Je travaille dans les titres-services et je gagne 1400€ par mois. Je peux vous dire que je n'allumerai pas mon chauffage de l'hiver !

Chaque semaine, lors de nos actions, on récolte de nombreux témoignages.

Voici par exemple le récit d’une ouvrière des titres-services (on a retranscrit ses propos) :

Dimanche passé, c’était mon anniversaire, j’ai eu 57 ans. Durant mes jeunes années, j’ai travaillé dans l’Horeca en Espagne puis en Belgique. Puis j’ai travaillé dans les titres-services. Aujourd’hui je me sens épuisée. Je travaille beaucoup et je dois m’occuper seule de ma fille de 18 ans qui termine l’école. J’ai perdu mon mari, le père de ma fille, à cause du Covid.

Je ne veux pas me plaindre mais mon travail n’est pas facile. Mon corps est comme une voiture qui vieillit et qui commence à casser de partout. Depuis quelques mois par exemple j’ai un problème au poignet qui au bout de quelques heures de travail se met à gonfler et à faire mal. Du coup je suis obligée de prendre mes potions magiques pour faire aller. Mais bon je me demande comment j’irai dans quelques années. Quand je rentre chez moi le soir après fait le ménage 8 heures, je peux vous dire que je veux juste aller me coucher. Mais je dois préparer à manger, m’occuper de ma fille, etc.

Vous voyez là je me tiens devant vous droite comme un roseau. C’est parce que je n’ai pas le droit, enfin plutôt je ne me donne pas le droit de baisser la tête. Déjà j’ai ma fierté et puis je ne peux pas me le permettre car il y a ma fille. Si je perds mon boulot ou si je flanche, on ne s’en sortira pas. Il y a quelques mois, j’ai eu un cancer du sein. On a vraiment cru que j’allais y passer mais j’ai tenu bon et maintenant je suis debout.

Aujourd’hui je gagne environ 1400 euros par mois à temps plein. C’est pas grand-chose, surtout avec les prix fous qui montent. Je suis obligée de faire un petit boulot sur le côté (je prépare des repas). On se prive de plus en plus et on garde la tête hors de l’eau grâce à des astuces pour peu consommer. En tout cas je peux vous dire que je n’allumerai pas mon chauffage de l’hiver haha !

Certaines femmes d’ouvrages ont des problèmes avec leurs clients mais moi j’ai de la chance je m’entends super bien avec tous mes clients. Il faut dire que ça fait maintenant des années et des années que je les connais. Et je fais super bien mon travail, quoi qu’il arrive. C’est une question de fierté ; je ne pourrais pas supporter que l’on ne soit pas satisfait de mon travail !

Un truc que je fais automatiquement maintenant, c’est me mettre en mode « pilote automatique ». Le réveil sonne, je me lève, même si je suis claquée, même si j’ai froid, même si j’ai pas envie. Je mange, je fais à manger à ma fille, puis je prends le bus pour aller au travail comme à l’usine… Le mode « pilote automatique » me permet de jamais flancher. Au travail et dans mon ménage, je suis obligée d’être assez ordonnée, parfois au millimètre, sinon ça part en cacahouète.

Ce qui est fou c’est de voir la différence entre l’époque de ma jeunesse et aujourd’hui. Durant ma jeunesse, on pouvait épargner, partir en vacances. On avait plus avec ce qu’on gagnait. On pouvait profiter un peu et trouver du boulot assez facilement.
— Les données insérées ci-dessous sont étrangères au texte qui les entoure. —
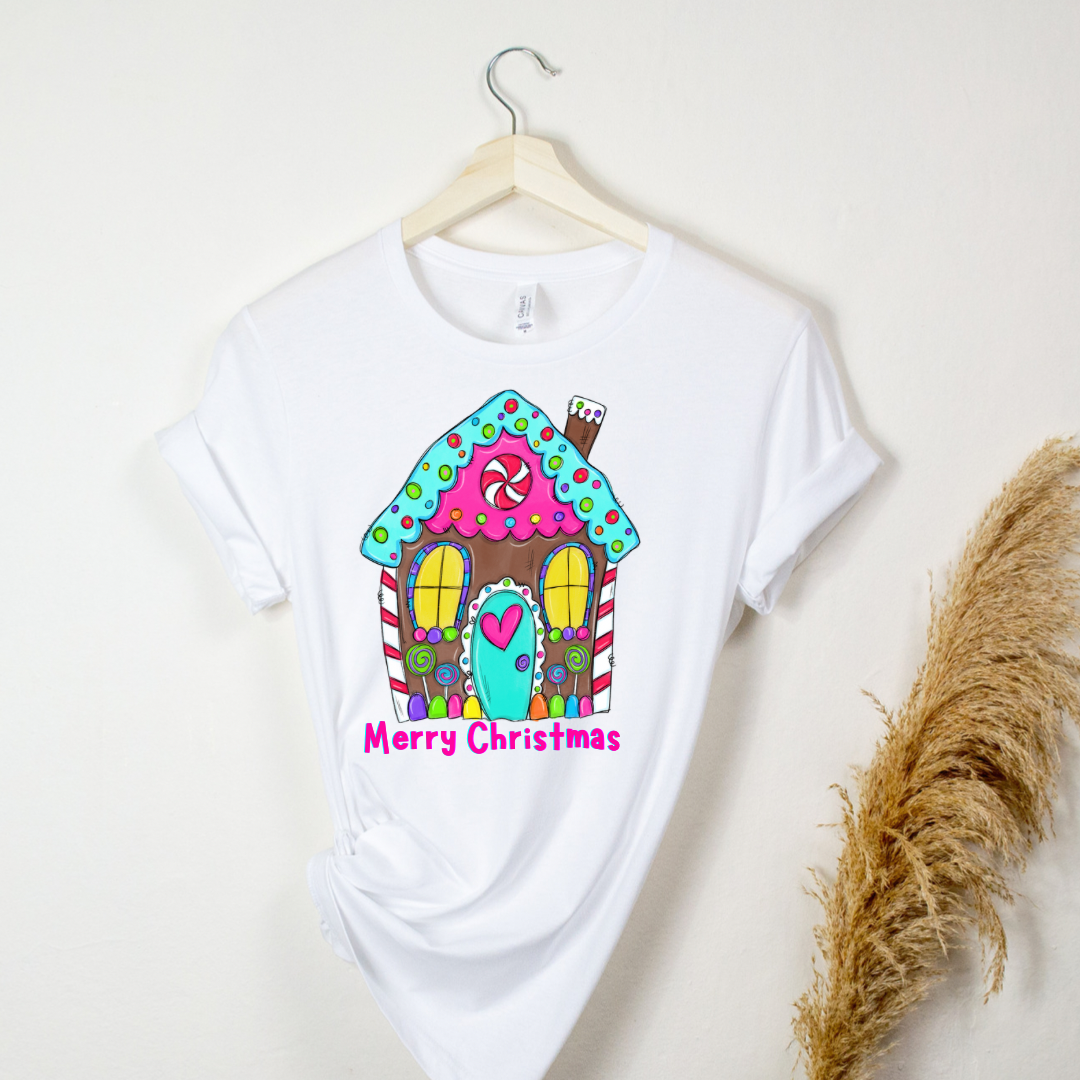 MERRY CHRISTMAS GINGERBREAD HOUSE TEE/SWEATSHIRT

Aujourd’hui, pour trouver du boulot c’est le parcours du combattant et quand on travaille on peut quand même être pauvre. Moi par exemple je ne peux pas vraiment me permettre de partir en vacances. Y a des factures à payer dans tous les sens et je ne sais quasi pas mettre de côté. C’est presque au jour le jour.

J’aimerais beaucoup participer à vos activités mais franchement je me sens trop fatiguée et quand j’ai quelques heures pour moi, je les passe à essayer de me reposer ; je vais me balader et changer d’air. En ce moment le monde va mal et les gens ne se sentent pas bien. Mais ceux qui me donnent du réconfort, c’est les enfants. Eux ils ne se rendent pas encore compte de ce qui se passe, ils sont insouciants et purs. Quand je peux je vais dans un parc pour enfants et je les regarde jouer. Ça me redonne le sourire !

Ma fille c’est vraiment une super fille, elle m’aide à tenir et c’est ma plus grande fierté ; elle est gentille, positive, sérieuse. Mais elle a du mal à se faire des amis, elle est fort renfermée en ce moment. Il faut dire qu’elle n’a pas eu la vie facile non plus. Je lui parlerai de votre groupe. Je pense que c’est vous la jeune génération qui allez changer les choses. Vous avez l’énergie pour et vous êtes une génération différente.